WORK TO COMPLETE: Take the lines from the one with "Юзабилити b 2" through the end of the material below and repeat them exactly, dropping every picture.

MATERIAL PROVIDED:

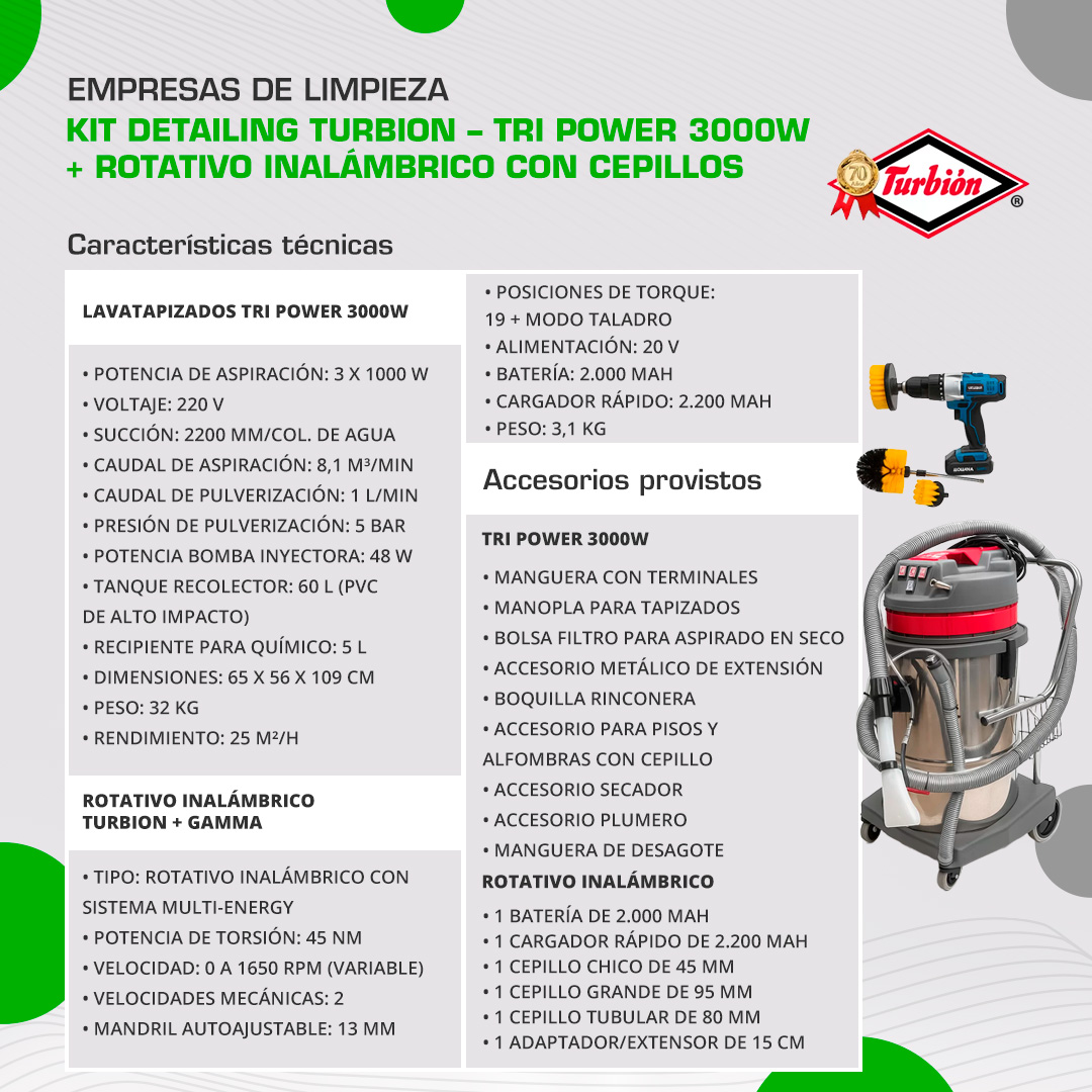 Este combo fue desarrollado para profesionales que buscan el máximo rendimiento en limpieza de superficies textiles. El equipo Tri Power 3000W ofrece triple motor de aspiración, sistema de inyección-extracción de alta presión, bomba inyectora profesional y tanque de gran capacidad. Su estructura está diseñada para uso intensivo, con materiales resistentes y detalles que optimizan el trabajo: manguera de desagote, ruedas industriales y excelente capacidad de trabajo continuo.
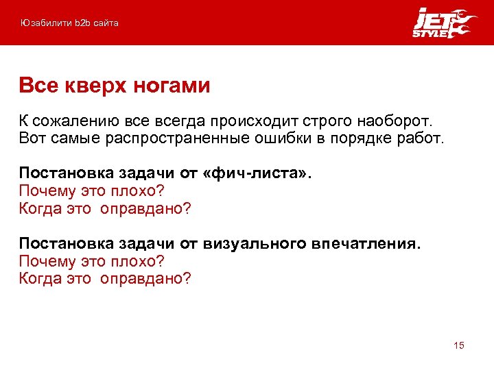Юзабилити b 2 b сайта Все кверх ногами К сожалению всегда происходит строго наоборот. Вот самые распространенные ошибки в порядке работ. Постановка задачи от «фич-листа» . Почему это плохо? Когда это оправдано? Постановка задачи от визуального впечатления. Почему это плохо? Когда это оправдано? 15
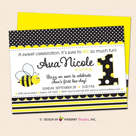 Printable Birthday Invitations Bumble Bee First Party Chevron

RESPONSE FOR THIS EXERCISE:
Юзабилити b 2 b сайта Все кверх ногами К сожалению всегда происходит строго наоборот. Вот самые распространенные ошибки в порядке работ. Постановка задачи от «фич-листа» . Почему это плохо? Когда это оправдано? Постановка задачи от визуального впечатления. Почему это плохо? Когда это оправдано? 15
 Printable Birthday Invitations Bumble Bee First Party Chevron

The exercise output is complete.